**What to produce**:
Below are records with pictures. Transcribe exactly, and only, the lines from the line with "Zhao Mengfu, Qian" to the line with "天使の首に指輪を掛けるタイプ", both ends included, but not the pictures.

**Saved entries**:
========
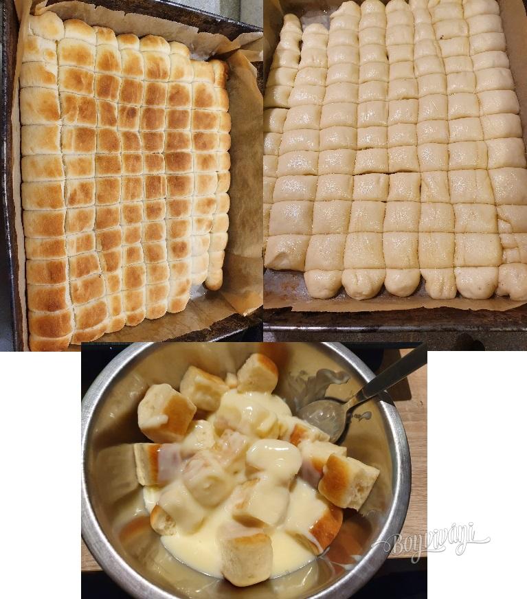Cesto prepracujeme rukami a nakrájame na menšie diely. Z nich vyšúľame valčeky, ktoré nakrájame na malé kúsky. Tieto vkladáme do pekáča, vyliateho olejom. Jednotlivé kúsky sa tiež snažíme pomastiť, aby medzi sebou nelepili.
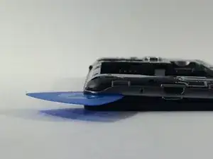 Вставьте пластиковый инструмент для открытия в небольшой вырез в нижней части аккумулятора.
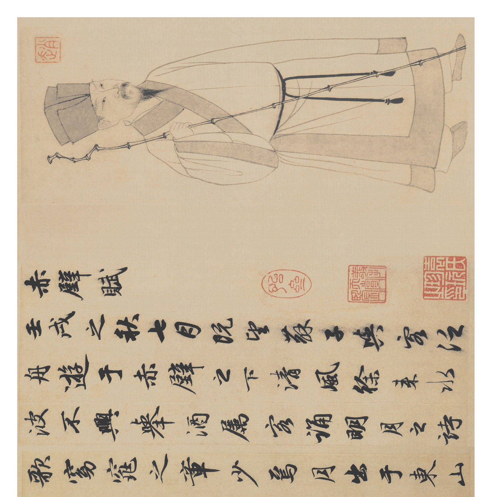 Zhao Mengfu, Qian Chibi Fu, Стихи Су Ши, каллиграфия кисти, ручные свитки, обычая в рамке, упаковка парчовой коробки
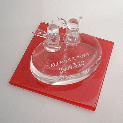 天使の首に指輪を掛けるタイプのガラス製リングピロー。二人のお名前&記念日を彫刻。
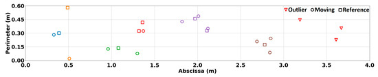 Clusters (represented by distinct colors) and outliers obtained using DENC with = 0.300 m and = 0.150 m—example problem.
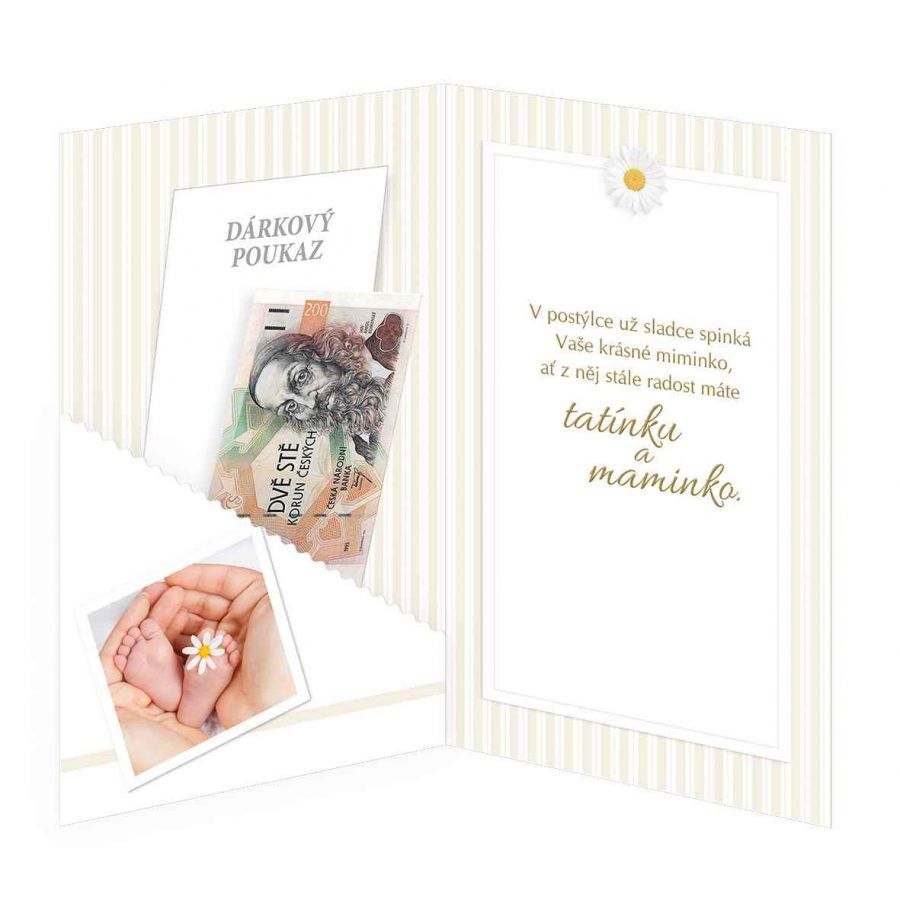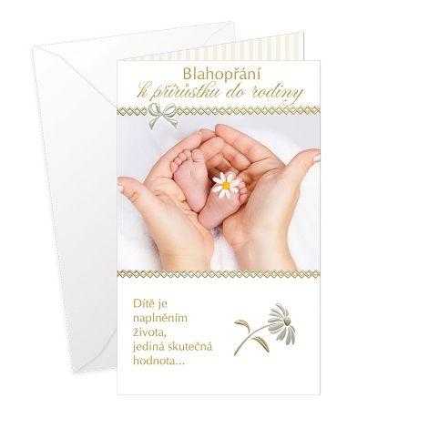 Blahopřání k narození dítěte s textem. Přidanou hodnotou přáníčka je kapsa na peníze uvnitř přání. Součástí přání je barevně sladěna obálka. Originální technologie zpracování od společnosti ARGUS - "Na detaile záleží!"
========
**Solution to this task**:
 Zhao Mengfu, Qian Chibi Fu, Стихи Су Ши, каллиграфия кисти, ручные свитки, обычая в рамке, упаковка парчовой коробки
 天使の首に指輪を掛けるタイプのガラス製リングピロー。二人のお名前&記念日を彫刻。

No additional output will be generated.